■ YOUR TASK
Look through the records below for the line with "Impact of natural". Return that line and each one after it up to and including the line with "En una recorrida", exactly.

■ EXTRACTED MATERIAL
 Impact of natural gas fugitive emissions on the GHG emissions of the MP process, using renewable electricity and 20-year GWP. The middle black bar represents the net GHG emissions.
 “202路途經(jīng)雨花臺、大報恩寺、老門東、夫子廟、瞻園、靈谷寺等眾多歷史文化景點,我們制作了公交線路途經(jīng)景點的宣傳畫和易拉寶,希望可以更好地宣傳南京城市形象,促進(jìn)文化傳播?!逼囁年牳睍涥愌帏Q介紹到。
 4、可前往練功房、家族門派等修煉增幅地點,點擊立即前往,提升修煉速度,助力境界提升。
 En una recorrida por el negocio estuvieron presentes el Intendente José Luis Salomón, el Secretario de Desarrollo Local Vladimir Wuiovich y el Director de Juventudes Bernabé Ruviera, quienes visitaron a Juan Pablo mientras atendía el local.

...

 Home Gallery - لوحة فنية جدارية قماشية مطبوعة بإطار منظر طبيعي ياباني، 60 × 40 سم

==

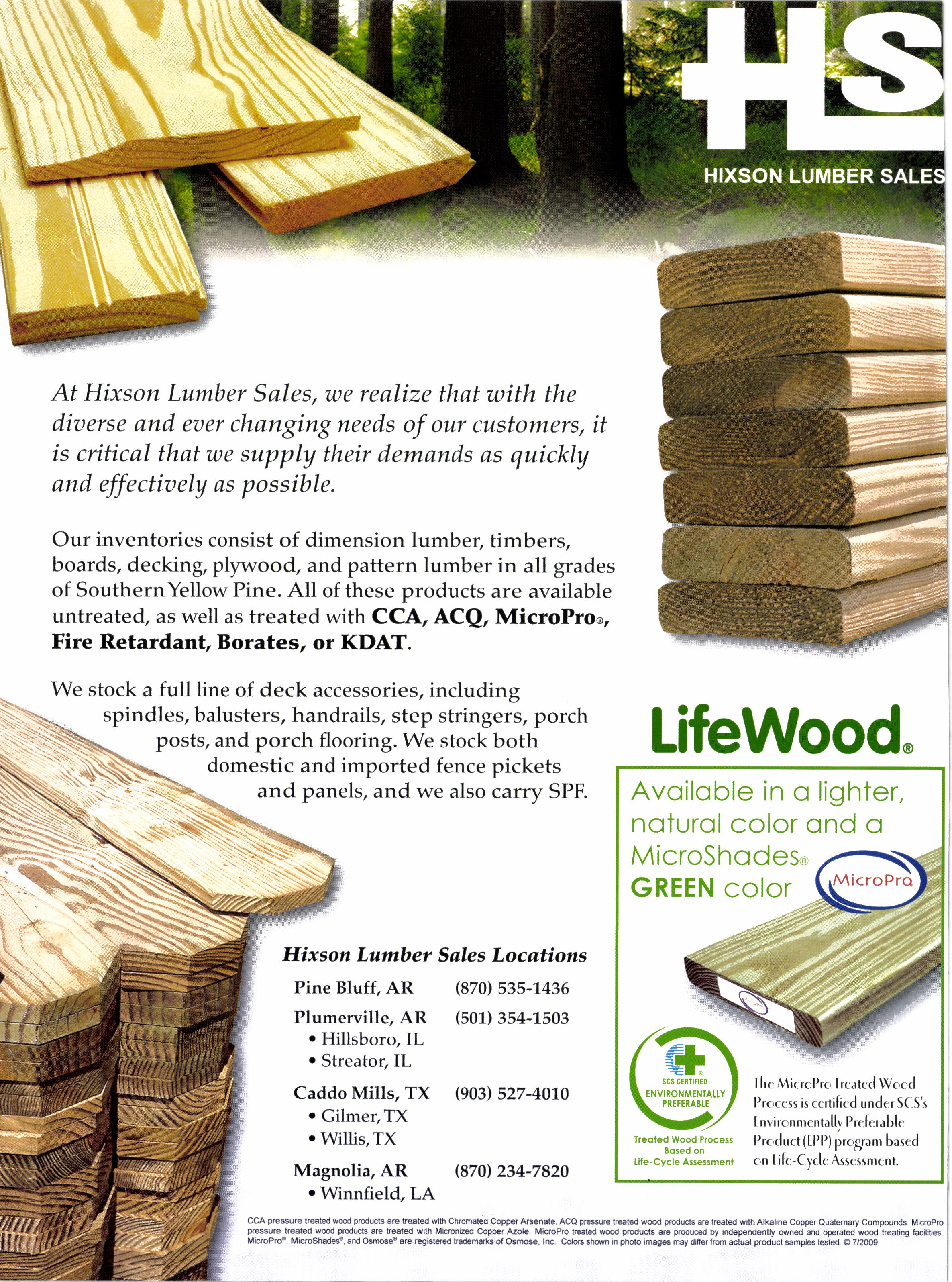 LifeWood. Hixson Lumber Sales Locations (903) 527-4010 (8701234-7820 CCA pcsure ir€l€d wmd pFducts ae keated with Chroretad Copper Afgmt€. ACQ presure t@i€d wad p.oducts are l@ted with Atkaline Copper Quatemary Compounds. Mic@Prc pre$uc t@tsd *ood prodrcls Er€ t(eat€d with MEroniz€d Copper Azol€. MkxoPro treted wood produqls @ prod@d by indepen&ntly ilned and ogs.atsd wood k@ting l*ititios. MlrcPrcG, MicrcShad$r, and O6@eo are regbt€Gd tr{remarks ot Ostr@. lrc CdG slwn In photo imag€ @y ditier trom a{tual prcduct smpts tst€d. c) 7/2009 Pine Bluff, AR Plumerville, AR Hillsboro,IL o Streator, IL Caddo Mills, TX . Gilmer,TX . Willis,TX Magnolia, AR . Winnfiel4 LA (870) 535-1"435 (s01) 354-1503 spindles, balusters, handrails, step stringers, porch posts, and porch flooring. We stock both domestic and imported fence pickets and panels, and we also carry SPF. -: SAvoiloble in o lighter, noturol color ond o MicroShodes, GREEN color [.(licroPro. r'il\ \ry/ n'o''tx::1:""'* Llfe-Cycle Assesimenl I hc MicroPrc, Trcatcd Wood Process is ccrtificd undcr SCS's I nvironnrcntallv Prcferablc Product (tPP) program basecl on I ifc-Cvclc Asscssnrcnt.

■ SOLUTION TO THIS EXERCISE
 Impact of natural gas fugitive emissions on the GHG emissions of the MP process, using renewable electricity and 20-year GWP. The middle black bar represents the net GHG emissions.
 “202路途經(jīng)雨花臺、大報恩寺、老門東、夫子廟、瞻園、靈谷寺等眾多歷史文化景點,我們制作了公交線路途經(jīng)景點的宣傳畫和易拉寶,希望可以更好地宣傳南京城市形象,促進(jìn)文化傳播?!逼囁年牳睍涥愌帏Q介紹到。
 4、可前往練功房、家族門派等修煉增幅地點,點擊立即前往,提升修煉速度,助力境界提升。
 En una recorrida por el negocio estuvieron presentes el Intendente José Luis Salomón, el Secretario de Desarrollo Local Vladimir Wuiovich y el Director de Juventudes Bernabé Ruviera, quienes visitaron a Juan Pablo mientras atendía el local.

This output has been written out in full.